Uk Mps Warn Bank Of England Stablecoin Plans Could Drive Innovation...

Uk Mps Warn Bank Of England Stablecoin Plans Could Drive Innovation...

Cross‑party MPs and members of the House of Lords have urged UK Chancellor Rachel Reeves to rein in the Bank of England’s proposed regime for systemic stablecoins.

A cross-party group of members of the House of Commons and the House of Lords in the United Kingdom, including former Defense Secretary Sir Gavin Williamson, shadow Science and Tech (AI) Minister Viscount Camrose and the former Prime Minister Rishi Sunak’s chief whip, Lord Hart, have urged Chancellor Rachel Reeves to intervene over the Bank of England’s proposed regime for systemic stablecoins.

In a joint open letter to the chancellor on Thursday, they warned that the Bank of England’s proposals for regulating stablecoins could drive innovation and capital offshore.

The parliamentarians said the plans risk turning the UK into a “global outlier” by barring most wholesale use of stablecoins outside the Digital Securities Sandbox, prohibiting interest on reserves and imposing what they call “impractical and anti-innovation” holding caps that could push activity into dollar stablecoins such as USDC (USDC) and USDt (USDT).​

The signatories argue that stablecoins are already becoming a “pillar of the digital economy,” and warn that the UK is “drifting towards a fragmented and restrictive approach” that will deter adoption and weaken London’s global role.

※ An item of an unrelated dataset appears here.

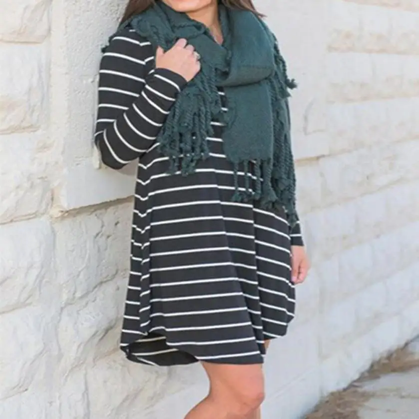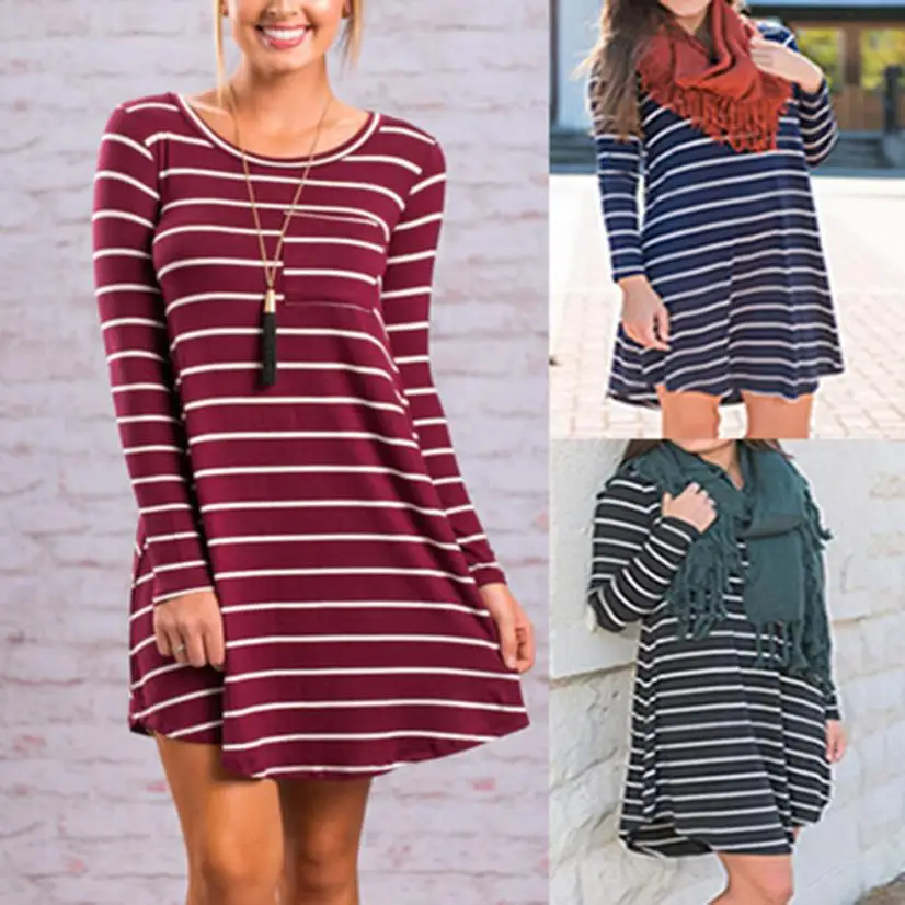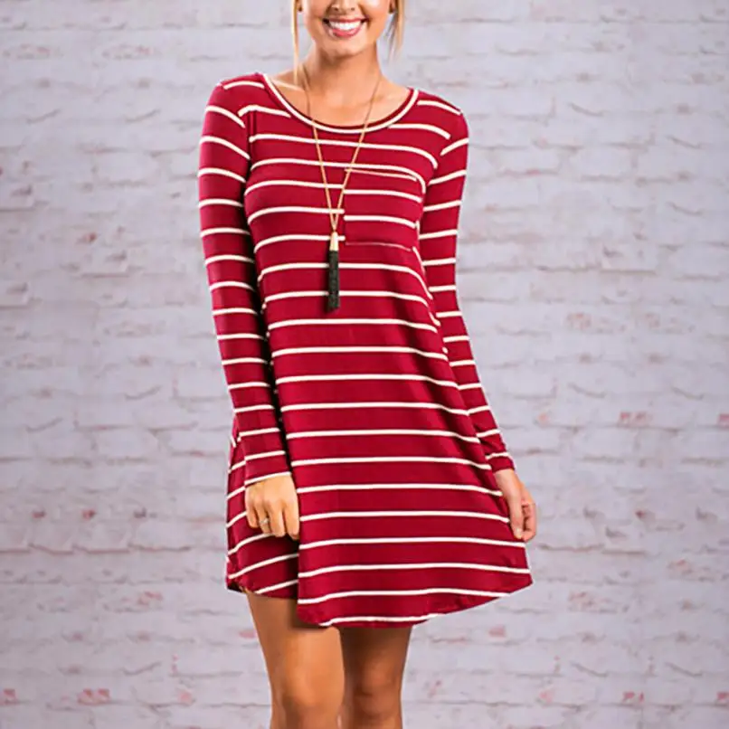 New KANCOOLD Dress Women's Autumn Fashion Long Sleeve O-Neck Striped Pocket Dress Casual fashion Dress | KANCOOLD Dress Women Ladies Floral Printing Long Sleevel Empire Dress O-Neck Casual Mini Swing Dress women 2018AUG6

Related: UK central bank still ‘disproportionately cautious’ about stablecoins

They stressed that British pound-pegged stablecoins represent less than 0.1% of global issuance, claiming the current framework overstates depositor-flight risk while undercutting the government’s goal of making the UK a “world‑leading destination for digital assets.”​

Asher Tan, co-founder and CEO of UK Financial Conduct Association-registered CoinJar, one of the longest-running cryptocurrency exchanges globally, told Cointelegraph that the letter reflected a “growing frustration across the digital asset industry” that the UK risks “regulating tomorrow’s financial infrastructure with yesterday’s assumptions.”

Jakob Kronbichler, co-founder and CEO of Clearpool onchain credit marketplace, said that stablecoins are already functioning as settlement infrastructure for payments, capital markets and onchain credit, not “as experimental products.”

He said that if regulation continues to treat them as “niche or provisional,” it risks slowing adoption in the very areas where the UK wants to lead.